There is no greater burden of responsibility for scientists than that placed on those who conduct medical research on human subjects. On the rare occasions that this duty is inappropriately discharged, the results can be devastating. Even so, once the initial outcry dies down, little tends to change.

The diverse collection of institutional review boards (IRBs) that oversee such research in the United States barely qualifies as a 'system'. Despite repeated attempts by the Institute of Medicine and others to highlight their shortfalls, the quality and effectiveness of the boards remain patchy (see page 530).

As committees struggle with heavy caseloads, their ability to monitor ongoing trials is weakened. A large research hospital can process hundreds of applications per year, and gets little help from the federal government. The Office for Human Research Protections oversees thousands of local ethics committees and billions of dollars' worth of clinical research, and operates on an annual budget of just $7 million.

If the US government wanted to strengthen the way human clinical trials are overseen, adequate funding for the Office for Human Research Protections would be an obvious place to begin. Another improvement would be more widespread accreditation of the IRBs, to help ensure proper training and support for committee members.

But further reforms are also necessary. Some see centralizing the review of multicentre studies as a way of relieving the burden on local review boards. But the debate over whether to centralize, or even regionalize, the review of studies is complex. The United States is a large, diverse and, most of all, litigious country, and local boards help universities to fend off legal action by showing that they have taken responsibility for what goes on within their walls. Nonetheless, centralization deserves to be explored further.

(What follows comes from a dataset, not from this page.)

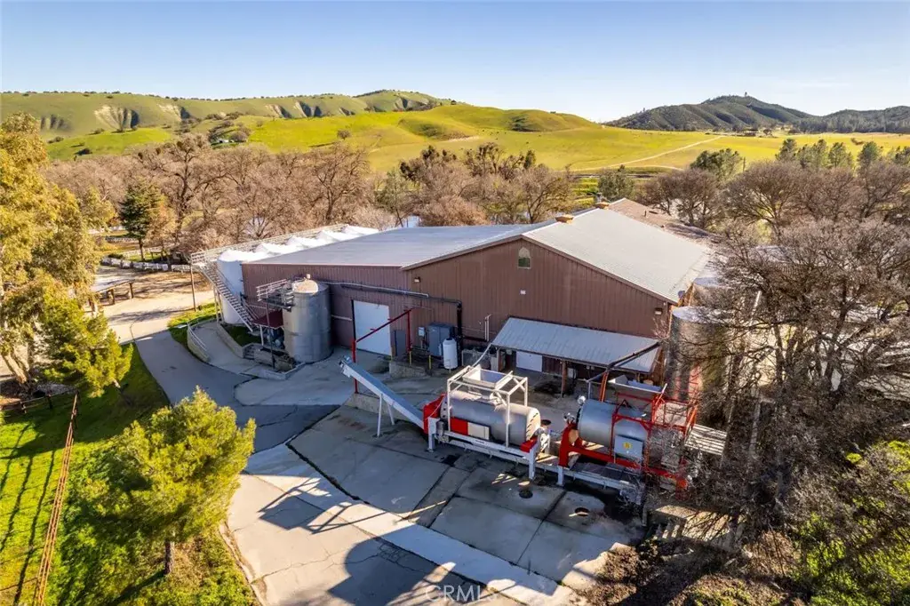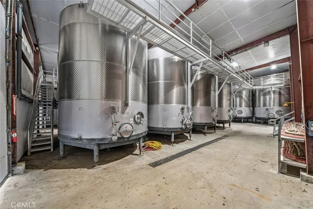 The estate features 22± acres of producing vineyards planted to Syrah, Cabernet Sauvignon, Zinfandel, and Pinot Noir, supported by exceptional production infrastructure including a 9,700± SF winery building with 1,600± SF apartment and 500± SF office, a 10,000± SF barrel room with 3,750± SF expansion, barrel stacking up to five high, and multiple warehouse facilities for case goods and pallet storage. A robust water system includes two productive wells (one producing approximately 150 GPM), six 6,000-gallon storage tanks, and four 2,500-gallon holding tanks, ensuring reliable operations for vineyard, livestock, and hospitality uses.

One approach would set up national committees, perhaps run by the National Institutes of Health, that could establish clearer guidelines on the ethical quandaries commonly faced by local review boards. Questions over payments to volunteers, for example, or on what constitutes informed consent, need not all be answered on the current ad hoc basis.

Another challenge facing US authorities is the fact that not all research on human subjects is overseen by the federal government. The IRBs are not federal, but federally funded research on human subjects must be reviewed by them, as must any trial that becomes part of a submission to the Food and Drug Administration. Some states and institutions also require all research on human subjects to be vetted by an IRB. That leaves room for privately funded research to proceed without any requirement for ethical review. It isn't known how much research on human subjects occurs without review by government officials or IRBs. But such research may expose patients to unnecessary risks.

In 1999, the review-board system came under some scrutiny when 18-year-old Jesse Gelsinger died during a gene-therapy trial at the University of Pennsylvania in Philadelphia. In 2001, a healthy woman died after taking an unapproved asthma medication during a clinical trial at Johns Hopkins University. And looking farther afield, in London last year six men became seriously ill during a clinical trial of a monoclonal-antibody therapy.

Overall, it is not a bad record. But that is as much by luck as by design, and if it is to remain the case, real improvements need to be made to the IRB system. The impetus for such change should not have to rely on the bursts of interest that tend to follow mishaps during human trials.